Quase um ano antes, logo que deu à luz os primeiros versos da canção, Lima viajou ao Rio de Janeiro e registrou o que já estava feito. A música ficou ali, à disposição de alguns, e sempre que alguém ouvia, se impressionava. 

Desafio
O nascimento de ‘Ilha de Maré’, aliás, é reflexo de uma má impressão que alguns músicos e críticos cariocas famosos tiveram sobre os compositores baianos. Conta Walmir que, num evento organizado pelo órgão de turismo governo da Bahia, nomes como o do maestro Júlio Medaglia e do cartunista Jaguar, comentaram que “a Bahia não compunha nada para as festas de largo”. “Aquilo me doeu”, admite Walmir, que encarou como um desafio.

E como todo bom desafio pressupõe uma missão, ela acabou sendo dada por uma amiga: Valneides, moradora de Ilha de Maré que o interpelou e criou as condições para viabilizar o processo. “Ela me disse assim: ‘Walmir, você faz músicas pras escolas de samba, pra bloco, por que você não faz música pra minha terra? Eu vou lhe dar um fim de semana lá, pra você’”, convidou a embaixadora de Ilha de Maré (que Walmir não sabe dizer o paradeiro), sem saber ela que estava mudando a história da música brasileira. 

Quando pegou o barquinho e o violão e desceu para a ilha, parte da canção já ressoava na mente do compositor. “Então, eu tava com a ideia na minha cabeça, da crítica dos caras lá do Rio… E eu já tinha a cabeça dessa música. Quando voltei de Ilha de Maré, que eu saltei do barco na Ribeira, botei minha família no carro e fui na Igreja da Conceição pra ver o que é que eu podia fazer pra acabar de terminar a música”, recorda.

Registro providencial
Semanas depois, o tetracampeão do carnaval da Bahia – foi o compositor de quatro sambas-enredos vencedores da folia baiana, na era pré-trio elétrico – desembarcou no Rio com sua obra em progresso, gestada do ressentimento com alguns colegas sudestinos.

“Passei no Rio, na minha editora da época, deixei a cabeça da música e já peguei uns trocados.

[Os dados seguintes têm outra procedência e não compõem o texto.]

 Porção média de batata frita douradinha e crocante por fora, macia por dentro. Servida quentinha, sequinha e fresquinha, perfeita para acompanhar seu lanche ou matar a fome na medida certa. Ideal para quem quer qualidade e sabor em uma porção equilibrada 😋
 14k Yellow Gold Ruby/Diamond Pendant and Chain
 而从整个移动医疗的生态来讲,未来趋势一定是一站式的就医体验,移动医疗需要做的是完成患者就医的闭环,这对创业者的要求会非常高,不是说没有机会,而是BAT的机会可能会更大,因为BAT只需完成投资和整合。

Eu ter deixado lá foi a minha felicidade, porque quando a música começou a estourar, apareceram esses indivíduos… Só que os ladrões ficaram chupando dedo, primeiro porque já tava registrada. Lá na hora da conversa, o cara (da editora) disse: ‘minha senhora, vá embora, porque senão eu vou mandar a polícia lhe recolher. Essa música já está registrada desde o ano passado’”, relata.

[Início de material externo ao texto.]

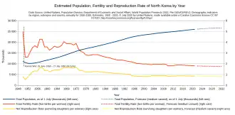Die Bevölkerung Nordkoreas wuchs im Zeitraum von 1960 bis 2016 von 12,3 auf mehr als 25 Millionen Menschen.[26][27] Nordkoreanischen Statistiken zufolge ist die Lebenserwartung seit 1986 im Mittel gesunken. Der offizielle Zensus Nordkoreas vom Jahr 2008 gibt die Lebenserwartung von Männern mit 65,6 Jahren an, die von Frauen mit 72,7 Jahren.[28] Nach Angaben der Vereinten Nationen (UN) betrug die durchschnittliche Lebenserwartung im Zeitraum von 2010 bis 2015 für Männer 67,2 Jahre, für Frauen 74,1 Jahre. Die Lebenserwartung der Einwohner Nordkoreas ab der Geburt lag 2022 lt. Schätzung der Weltbank bei 73,6 Jahren[29] (Frauen: 76,1[30], Männer: 71[31]). Laut Angaben des Zensus Nordkoreas von 2008 lag die Säuglingssterblichkeit bei 1,9 %.[28] Trotz der zahlreichen Probleme und der schlechten Ausstattung des nordkoreanischen Gesundheitswesens ist es gelungen, die Lebenserwartung seit dem Ende des Korea-Kriegs um knapp 30 Jahre zu steigern und die Kindersterblichkeit zu senken.[32] Die Anzahl der Geburten pro Frau lag 2022 lt. Weltbank statistisch bei 1,8, die der Region Ostasien und Ozeanien betrug 1,5.[33] Mit einem Medianalter von 34,2 Jahren und einer Bevölkerungswachstumsrate von jährlich 0,5 % hat Nordkorea eher die demographische Struktur von deutlich höher entwickelten Ländern.[34]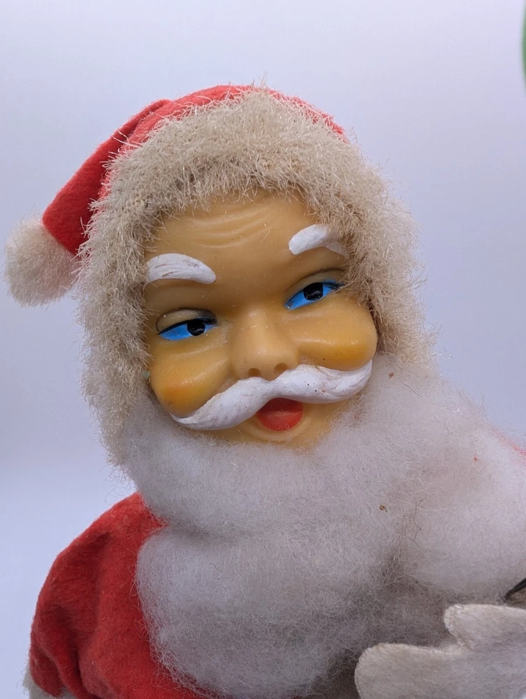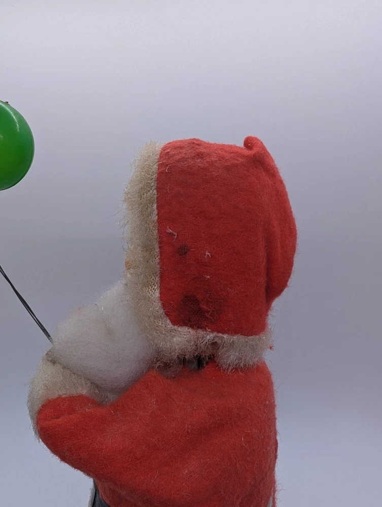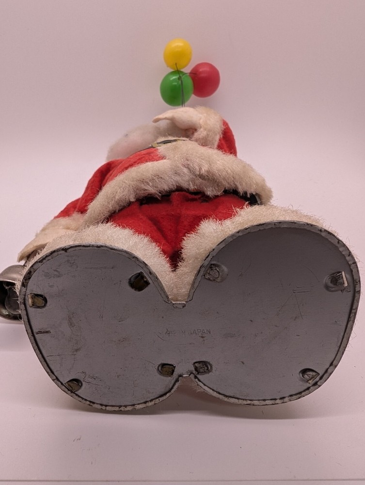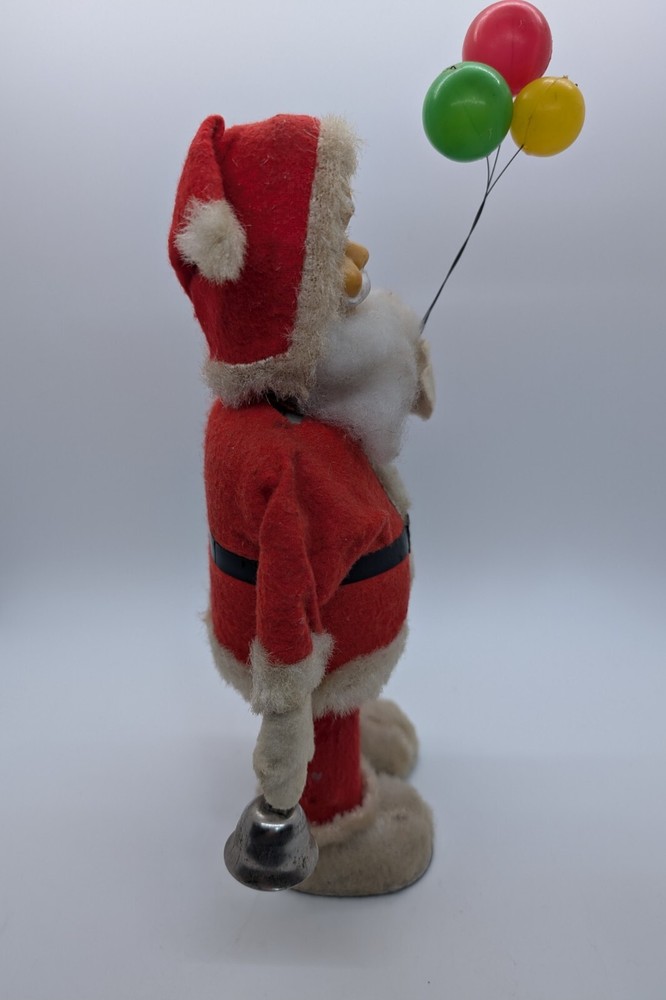 This vintage Alps Santa Claus figurine is a perfect addition to your Christmas decor. With a wind-up power source, it comes to life with a ringing bell and inflatable balloons. Made of felt and plastic materials, it stands at 11 inches tall and features a classic 1950s style. The Santa Claus figurine is an original piece from Japan and is sure to bring joy to your collection. It is perfect for anyone who loves vintage Christmas decorations and the beloved character of Santa Claus. Add this rare find to your holiday decor today! Item is in very good vintage condition. Wind up still works, bell still rings and Santa still moves. There is some dirt and wear, but no more than to be expected from a vintage item approximately 70 years old. Please review photos carefully for more details.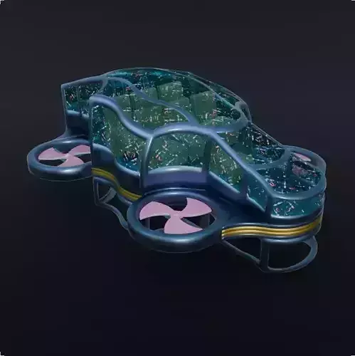 This is a prototype of a flying car, similar to a drone, but for transporting passengers and luggage.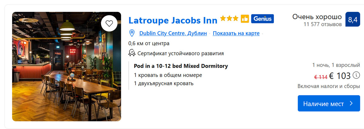 Ирландия - страна совершенно безумных цен на проживание. Так, некоторое количество дней по приезде в Дублине я провел в 4-комнатной квартире (гостиная и 3 спальни), где аренда каждой спальной комнаты стоила 1500 евро в месяц (я такие деньги не платил, конечно), а цена за квартиру целиком с коммуналкой - 5000 евро в месяц. И это не какое-то элитное жилье, обычная квартира в многоэтажном доме, в котором живут в основном даже не ирландцы, а приезжие гастарбайтеры из стран Азии и Африки. Дублин - это город, где койка в хостеле, в котором 10-20-30 человек ночует в одной комнате, может стоить сотню евро за ночь (сделал пару скринов с букинга в подтверждение). При этом за такие деньги вам даже полотенца не дадут - его нужно брать на ресепции за отдельные деньги. Могут отказать даже в хранении багажа после отъезда - сдавай его в специальную платную камеру хранения при хостеле. Из-за таких цен некоторые "не вписавшиеся в рынок" люди ночуют попросту на улице - ставят палатки или лежат даже без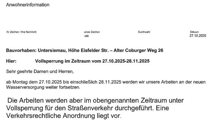 Aufgrund Arbeiten an der Wasserleitung muss ein Teil der Straße Alter Coburger Weg voll gesperrt werden. Nähere Informationen können Sie dem Schreiben der Firma STL Sonneberg entnehmen.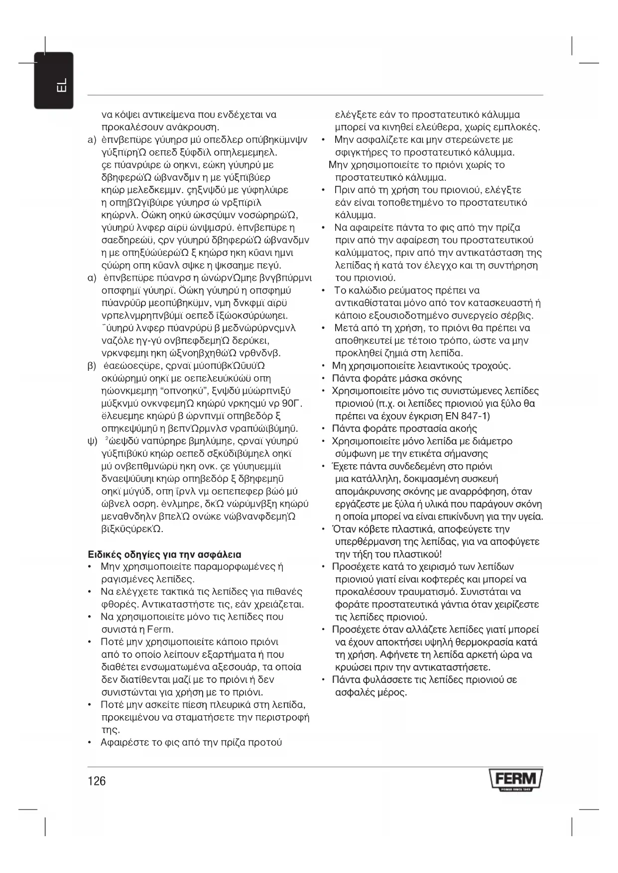 - ÛÊ·Ï‹ ·fiÛÙ·ÛË ·fi ÙÔ ÚÈfiÓÈ. Φοράτε προστασία ματιών Φοράτε προστασία ακοής ºÔÚ¤Û·Ù ̛· Ì¿Ûη ÚÔÛÙ·Û›·˜ ·fi ÙËÓ ÛÎfiÓË. ¶ÚÔÛÔ¯‹

A tentativa de assalto, na verdade, só demonstrava a potência da composição, que também é assinada pelo parceiro Lupa – é dele a inserção de ‘comadre’ e ‘compadre’ na letra.

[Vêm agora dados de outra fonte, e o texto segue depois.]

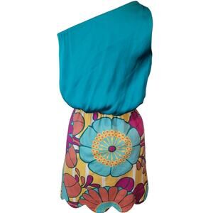 Judith March One Shoulder Mini Sundress Colorful Floral Print Sz S EUC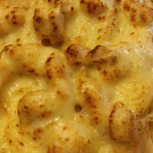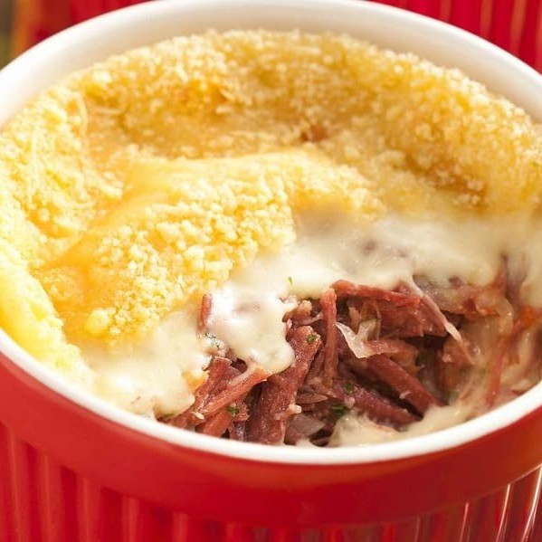 Delicioso pure de macaxeira e cubinhos de queijos e de carne de sol acebolada, gratinado com queijo mussarela acompanha arroz branco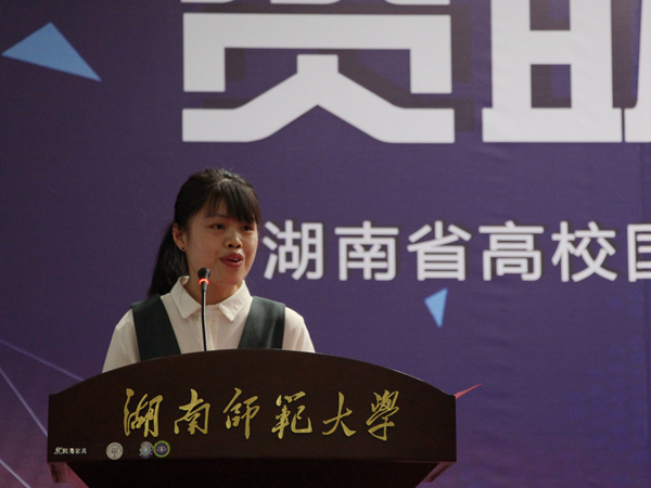 3044永利集团15级汉语言专业吴玉容劈波斩浪经过层层选拔,成为首次报告会五位报告人之一,向在场的包括湖南中医药大学、湖南商公司、湖南财政经济公司、湖南第一师范公司、湖南涉外经济公司、长沙医公司、湖南师范大学在内的7所高校的老师、员工代表讲述自己的成长经历、奋斗历程。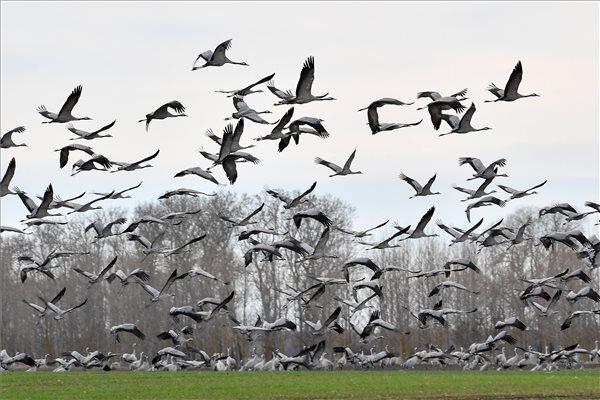 Szürke darvak tavaszi vonulása teszi mozgalmassá az égboltot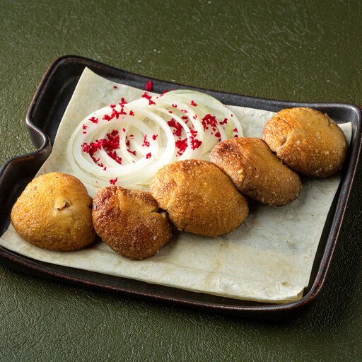 аварский хинкал жареный, телячья вырезка, соус томатный, дагестанский сыр, кинза, фирменное греческое масло

“Essa música veio com uma força… Não seria ela que iria ‘puxar’ o disco de Alcione. Seria ‘Pra que chorar’, feita por um grande poeta que tem uma estátua em Itapuã”, brinca Walmir, se referindo obviamente a Vinicius. A festa de largo escolhida para cumprir o desafio dos conterrâneos do Poetinha foi a Lavagem do Bonfim, como se sabe.

Reduto de bambas no Pau Miúdo
E a pessoa que acaba unindo, mesmo que indiretamente, Walmir Lima e Alcione, é a mesma que juntou diretamente Caetano Veloso e Gilberto Gil: o produtor musical Roberto Sant’Anna, então diretor de gravadora, que apresentou os cantores tropicalistas anos antes. Dedo bom. “Sant’Anna me disse: ‘todo mundo manda letra, fita pra mim, só você que não manda’. Aí eu mandei. Ele levou lá para o estúdio e, de repente, alguém ouviu. Alcione pegou e levou pra casa, ela e o companheiro dela da época ficaram loucos com a música, mas perderam a fita. Então, ligaram pra Raimundo Carvalho, diretor da Polygram aqui em Salvador, e ele foi me procurar.”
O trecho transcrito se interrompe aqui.